• _The task_: The records that follow are to be given again exactly. Do not carry over any image.

(Data records)
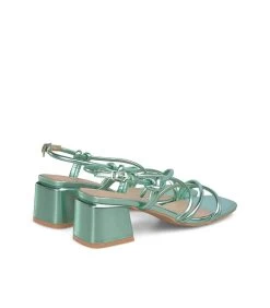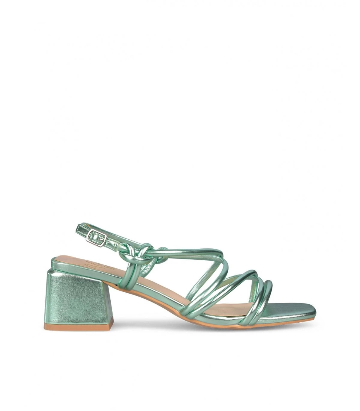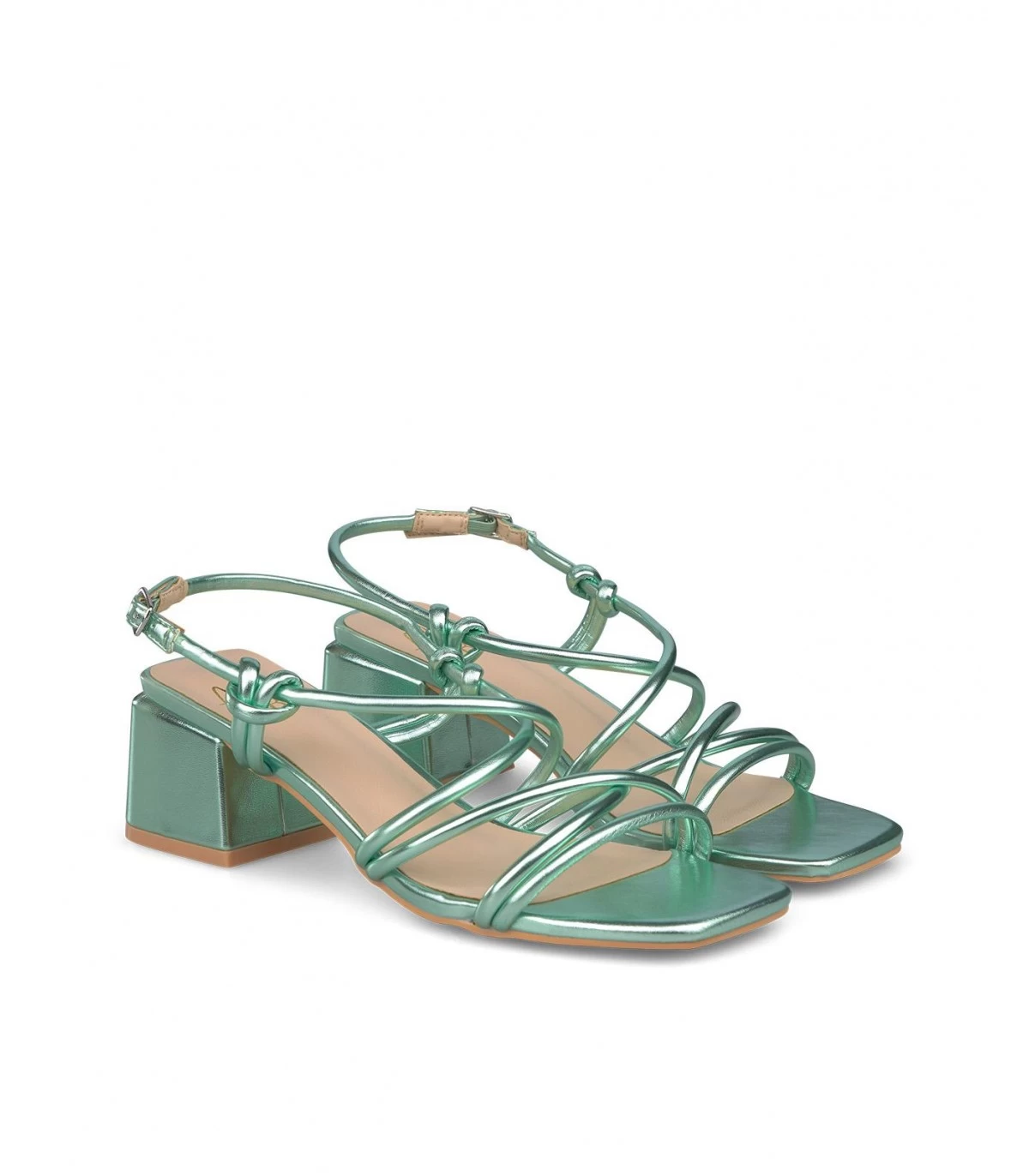 Sandalia de tacón con tiras. Cierre con hebilla ajustable. Plantilla acolchada para un mayor confort. La altura del tacón es de 6cm.
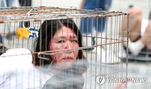 | 28일 서울 광화문광장에서 동물보호단체 케어 회원 등 동물권 활동가들이 개도살 금지를 호소하며 철창 퍼포먼스를 벌이고 있다. |
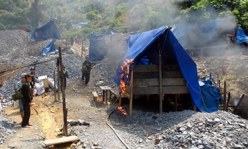 Sau khi lập biên bản xử phạt với 13 chủ bãi, các trinh sát phá hủy 15 hầm lò, 22 lán trại cùng hàng chục máy móc được dùng để khai thác vàng. Hơn 200 vàng tặc bị đẩy đuổi, bàn giao chính quyền địa phương quản lý.
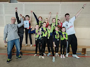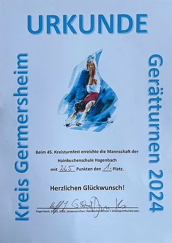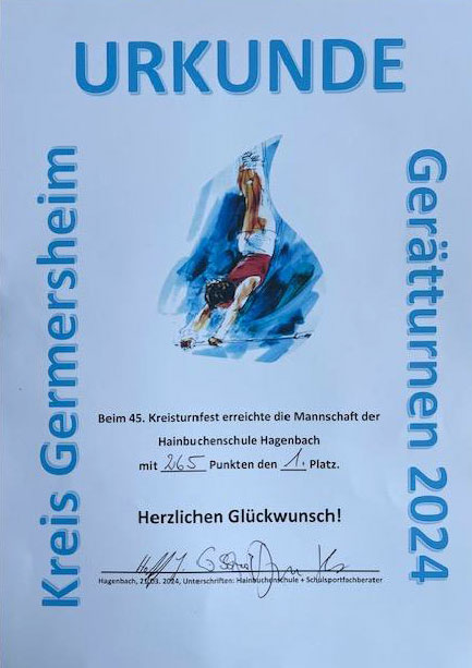 Herr Hartmann, der Sportbeauftragte des Kreises Germersheim, führte souverän am Mikrofon durch den Tag und verkündete am Ende der Veranstaltung das mit Spannung erwartete Endergebnis. Unsere Turnerinnen und Turner hatten mit 2 Punkten Vorsprung den ersten Preis herausgeturnt und die anwesenden Schüler (und Lehrer) jubelten mit den Siegern. Wir sind sehr stolz auf sie!
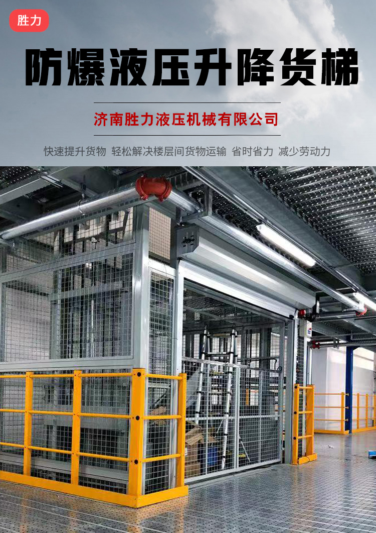 防爆液压升降货梯是一种由导轨、链条、油缸、液压泵站、电控系统组合而成的液压升降平台,因此也可以称为导轨式升降作业平台,其主要用途是把货物运送到不同的楼层,是替代传统电梯的理想提升平台设备,防爆液压升降货梯大多用于化工厂、制药厂、煤矿等需要防爆的企业。 防爆液压升降货梯的防爆等级大多为ExdIIBT4,也可根据客户要求定制其他防爆等级。

• _Answer box_:
 Sandalia de tacón con tiras. Cierre con hebilla ajustable. Plantilla acolchada para un mayor confort. La altura del tacón es de 6cm.
 | 28일 서울 광화문광장에서 동물보호단체 케어 회원 등 동물권 활동가들이 개도살 금지를 호소하며 철창 퍼포먼스를 벌이고 있다. |
 Sau khi lập biên bản xử phạt với 13 chủ bãi, các trinh sát phá hủy 15 hầm lò, 22 lán trại cùng hàng chục máy móc được dùng để khai thác vàng. Hơn 200 vàng tặc bị đẩy đuổi, bàn giao chính quyền địa phương quản lý.
 Herr Hartmann, der Sportbeauftragte des Kreises Germersheim, führte souverän am Mikrofon durch den Tag und verkündete am Ende der Veranstaltung das mit Spannung erwartete Endergebnis. Unsere Turnerinnen und Turner hatten mit 2 Punkten Vorsprung den ersten Preis herausgeturnt und die anwesenden Schüler (und Lehrer) jubelten mit den Siegern. Wir sind sehr stolz auf sie!
 防爆液压升降货梯是一种由导轨、链条、油缸、液压泵站、电控系统组合而成的液压升降平台,因此也可以称为导轨式升降作业平台,其主要用途是把货物运送到不同的楼层,是替代传统电梯的理想提升平台设备,防爆液压升降货梯大多用于化工厂、制药厂、煤矿等需要防爆的企业。 防爆液压升降货梯的防爆等级大多为ExdIIBT4,也可根据客户要求定制其他防爆等级。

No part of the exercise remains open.